Data provided:
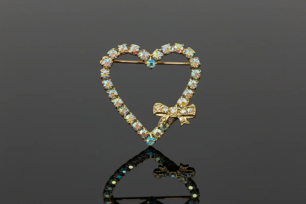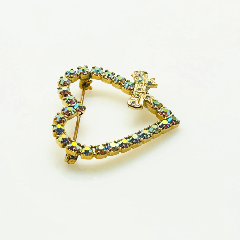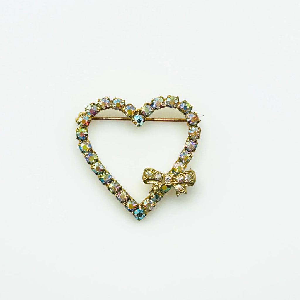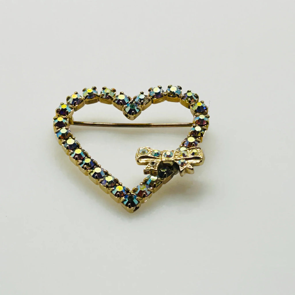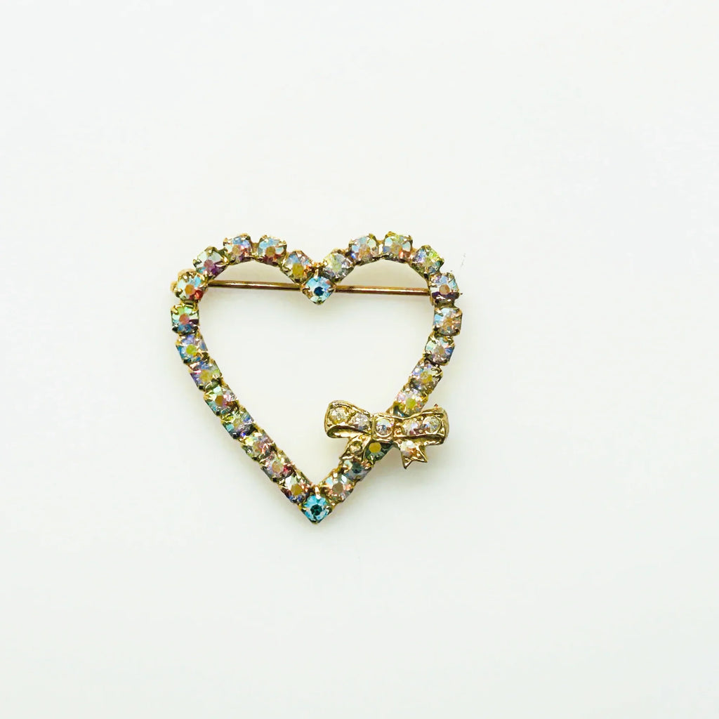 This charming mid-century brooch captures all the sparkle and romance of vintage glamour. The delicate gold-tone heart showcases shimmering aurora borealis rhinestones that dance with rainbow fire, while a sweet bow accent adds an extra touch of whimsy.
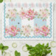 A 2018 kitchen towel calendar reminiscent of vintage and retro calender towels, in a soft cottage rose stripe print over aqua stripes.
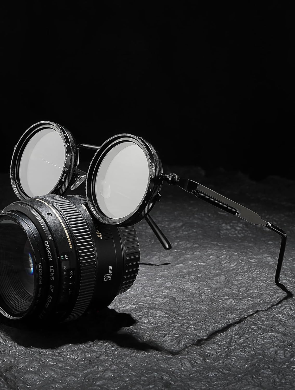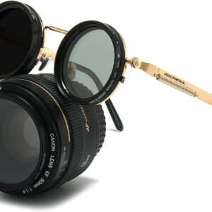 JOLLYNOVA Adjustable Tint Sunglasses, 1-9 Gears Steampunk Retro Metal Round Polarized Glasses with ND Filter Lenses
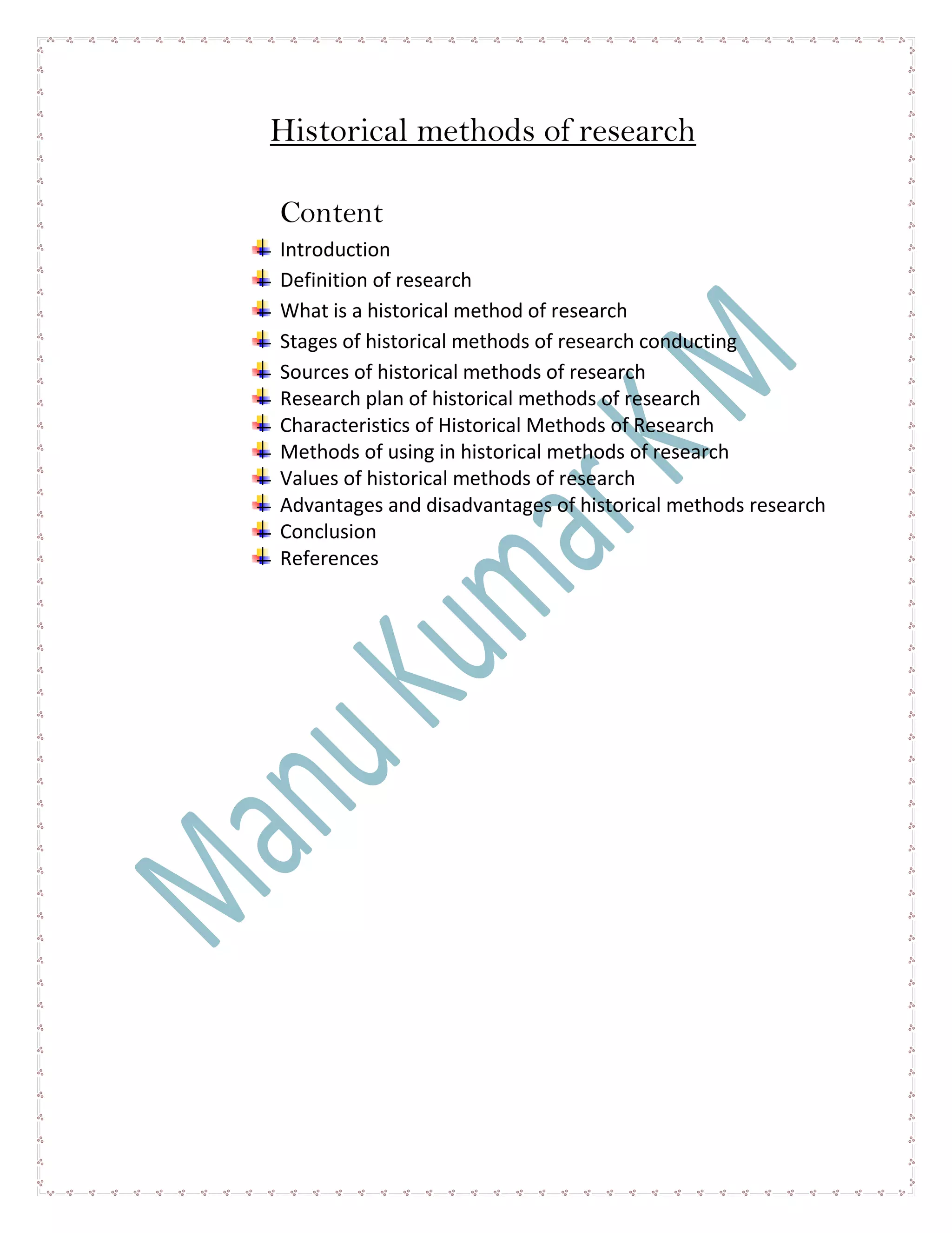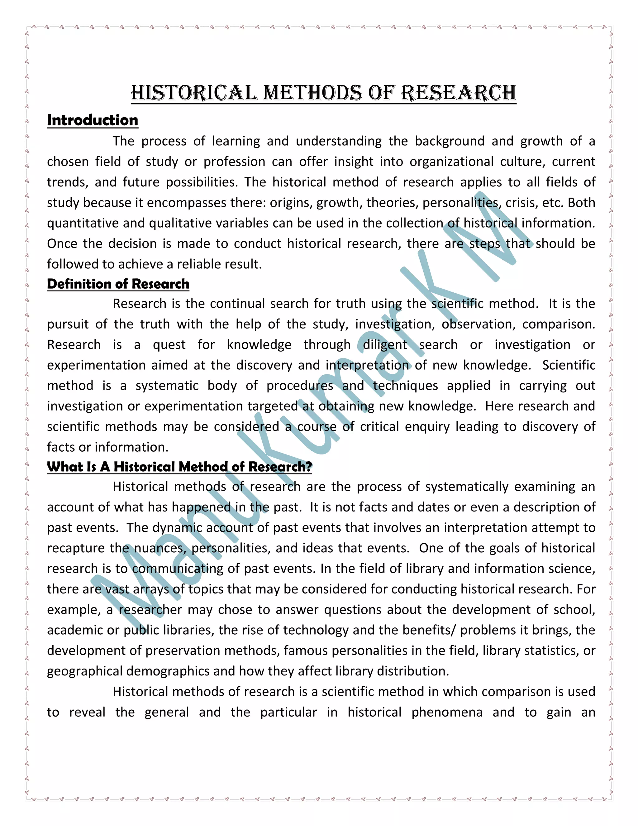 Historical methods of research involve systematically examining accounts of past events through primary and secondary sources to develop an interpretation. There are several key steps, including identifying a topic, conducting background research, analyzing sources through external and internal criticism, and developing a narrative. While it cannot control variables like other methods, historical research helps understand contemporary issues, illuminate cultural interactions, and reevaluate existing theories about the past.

What you are asked to do:
Copy out exactly the lines from the one with "A 2018 kitchen" through the end of the listing, both ends included, omitting any picture.

Written response:
 A 2018 kitchen towel calendar reminiscent of vintage and retro calender towels, in a soft cottage rose stripe print over aqua stripes.
 JOLLYNOVA Adjustable Tint Sunglasses, 1-9 Gears Steampunk Retro Metal Round Polarized Glasses with ND Filter Lenses
 Historical methods of research involve systematically examining accounts of past events through primary and secondary sources to develop an interpretation. There are several key steps, including identifying a topic, conducting background research, analyzing sources through external and internal criticism, and developing a narrative. While it cannot control variables like other methods, historical research helps understand contemporary issues, illuminate cultural interactions, and reevaluate existing theories about the past.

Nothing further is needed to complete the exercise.